Saturday, January 21, 2012

The Woman Who Sang "Caroline"





Angles. Walls. Shadows. Emotions of  yearning, all of these are memories I think I have of being an infant. I say I think I have these memories but who can say what memories are real and which are false? There was a mobile hanging over my crib that had a redbird, a cardinal, as part of the flock that circled endlessly and one day I discovered it on the floor. I tore one of its wings off and bit into the body. There was sand inside of the tiny bird’s body and that was one of the first sensations I remember; grit in my mouth.
    There isn’t a method to reveal if these memories are real or not. There may be one day some device suitable for reading memories but the troubled recall we have now is all there is. Each time a memory is recalled it is changed in some way. Each recollection drives a wedge of fantasy or perception between what really was and what we believe, in a very religious way. We know this, of course, but we cling to the past, all made up in our heads, as if it were words transcribed in solid concrete.

Verifiable evidence makes things better, but it also makes things much worse. In my birthtown of Cuthbert Georgia, there is a statue of a soldier in the town square. We left that place when I was four so I can say with some degree of accuracy I had at least one memory that predates my fourth birthday. I remember when I was thirty-four I went to Cuthbert as part of my work and saw that statue again for the first time in thirty years. Instantly, the statue in the memory was modified, never to return, and the real statue took its place. But you see, now in my mind there is a memory just like there was before. If I went back today the memory would change again. It is never really there but it is also never really gone.

“Like a memory in motion, you were only passing through. That is all that you’ve ever known of life and that’s all you’ll ever do.”

I recalled those lyrics from memory and I am reasonably certain they are exact. I am totally convinced the song is titled, “Caroline” and the name of the group is “Concrete Blonde” and the name of the CD is “Bloodletting” Ah, but the name of the woman who sings “Caroline” escapes me. Her last name, my memory reports to me is Napolitano. I suspect the name isn’t right, exactly but it is close. Close? How can a memory be close? But we all have experienced a memory we know isn’t right but “close” Something like that. I know “Janet” is wrong but “close”.

If you asked me to sing that song, and recorded my efforts, I suspect my sense of timing would be off, and I doubt if I could get the lyrics right. Yet if I play “Caroline” I’ll remember the words as what’s-her-name sings them.  The name hasn’t returned yet.  Let’s say I do not look the name up. Why is it that if I get some friends to send me suggestions as to what her name is, when the correct name arrives, I’ll know it, but not until then?
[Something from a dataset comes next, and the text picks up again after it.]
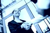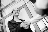 two young cute business women shaking hands. A successful transaction, contract, contract, business.

If I did not listen to “Caroline” for thirty years, would I know the name of the woman or the lyrics on my eighty-first birthday?


All things human are fallacious and all things human fail. We are all masters of sinking ships. We can hope to close some gaps and frantically bail, but the woman who sang “Caroline” is a lesson not a lie. Since the song came out in the mid-eighties, I suspect the group “Concrete Blonde” is no more, and unless she is one of those aging rockers who keep plugging away at it, the woman who sang “Caroline” is likely doing something else for a living, or not living at all. Her name… it still escapes me. How much more will I lose before the last wave covers my ashes? The storage unit has a hole in it that leaks reality and lets in moonshine.
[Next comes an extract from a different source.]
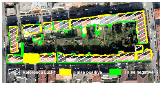 Additionally, a detailed assessment of false positives and false negatives at the pixel level revealed that some of the reported errors in the accuracy assessment are not related to the performance of the applied U-net Inceptionresnetv2 for building extraction, but to geometric imprecision between the reference LoD-1 building footprints and the digital orthophoto (Figure 6). Since the orthophotos are not referenced to a perfect nadir, buildings are not only represented by their roofs (footprints), but also some parts of the façades that are visible, whereas reference buildings are only represented by their footprints. Therefore, for each building, a few pixels are detected as false positives and a few pixels are detected as false negatives, thus impacting the agreement between extracted buildings and reference buildings. Furthermore, small secondary buildings, e.g., in backyards or garages, are prone to false negatives because of their small areas and low heights. Figure 6 shows an example of an extracted building which is not part of the reference data but is present in the aerial image. In general, however, only very few false positives and false negatives are related to temporal inconsistencies between the data sets (Table 1) because relatively, only a few buildings are newly constructed or demolished in the time span of two years.

If someone from my past was to arrive now, in this future, where are all the memories that represents that person stored and how are they so stored that unless some song, or scene, or chance meeting, pulls forth the mist from the pond, so I might interpret it as my mood demands? The human mind is a graveyard of the past, and we look upon the bones as if they were who we once knew. Someone you once loved and lost, decades removed from your heart and life, can stumble into you at the grocery and suddenly your mind reinvents time as well as reality.  

When I was a little boy photos were imperfect and rare. Not everyone had a camera, not all shots came out, and not all events where worthy of being preserved. Not one photo was taken the night the Titanic sank, no one updated their status or tweeted about the event as it happened. The emotions and horror were recorded only in the human mind and no one lives now who was aboard that boat when it slammed into hardened water. Now children have their own video cell phones and nearly every waking moment can be recorded.  The captured past is stored safely and permanently but time stalks this medium too. I own disks with information on them I cannot retrieve. One day my flash drives will be obsolete. One day my hard drive will be a relic, tossed away, and what you are reading right now, will be some ancient writing method awaiting oblivion, very much like the author, and you.
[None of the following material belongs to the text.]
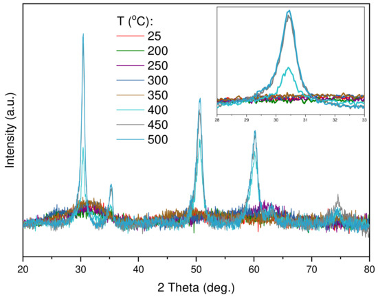 The in situ X-ray diffraction study of the reduction of amorphous ZrO2 was conducted with 5% H2-balanced Ar at temperatures ranging from 25 to 500 °C; the obtained results are depicted in Figure 4. From the inset graph of Figure 4, we can conclude that the amorphous ZrO2 shows no phase transformation during the temperature rise from 25 to 350 °C. The first phase transformation was observed at T = 400 °C, and continued to high crystallinity with the further temperature increase, during which we observed high-intensity patterns at 2θ = 30.5, 35.3, 50.7, 60.2 and 74.5°. These XRD patterns were related to the JCPDS file 01-080-0784 of the tetragonal ZrO2 phase. Based on the above, we can conclude that the phase transformation of amorphous ZrO2 to the tetragonal ZrO2 phase occurring at 350 °C is mainly due to the interaction with Au metallic ensembles deposited on the catalyst surface. This is in agreement with the study of Horti et al., who investigated ZrO2 crystallization as a function of temperature, and observed that the crystallization of amorphous ZrO2 to different crystallographic forms of ZrO2 is dependent on the temperature of the calcination [46].

Damn, I really thought I would remember her name. I have search every name I know, every character in every book I remember (remember!) and nothing. The woman who sang “Caroline” has slipped away. I will see her name and instantly know the truth, but now, at this moment, I see not the past, but the future.

Take Care,
Mike

6 comments:

  1. http://www.lyricsfreak.com/c/concrete+blonde/caroline_20033066.html - your memory is just fine, but your search skills need a bit of polishing. :)

    Great write - the edges are nostalgic and bittersweet.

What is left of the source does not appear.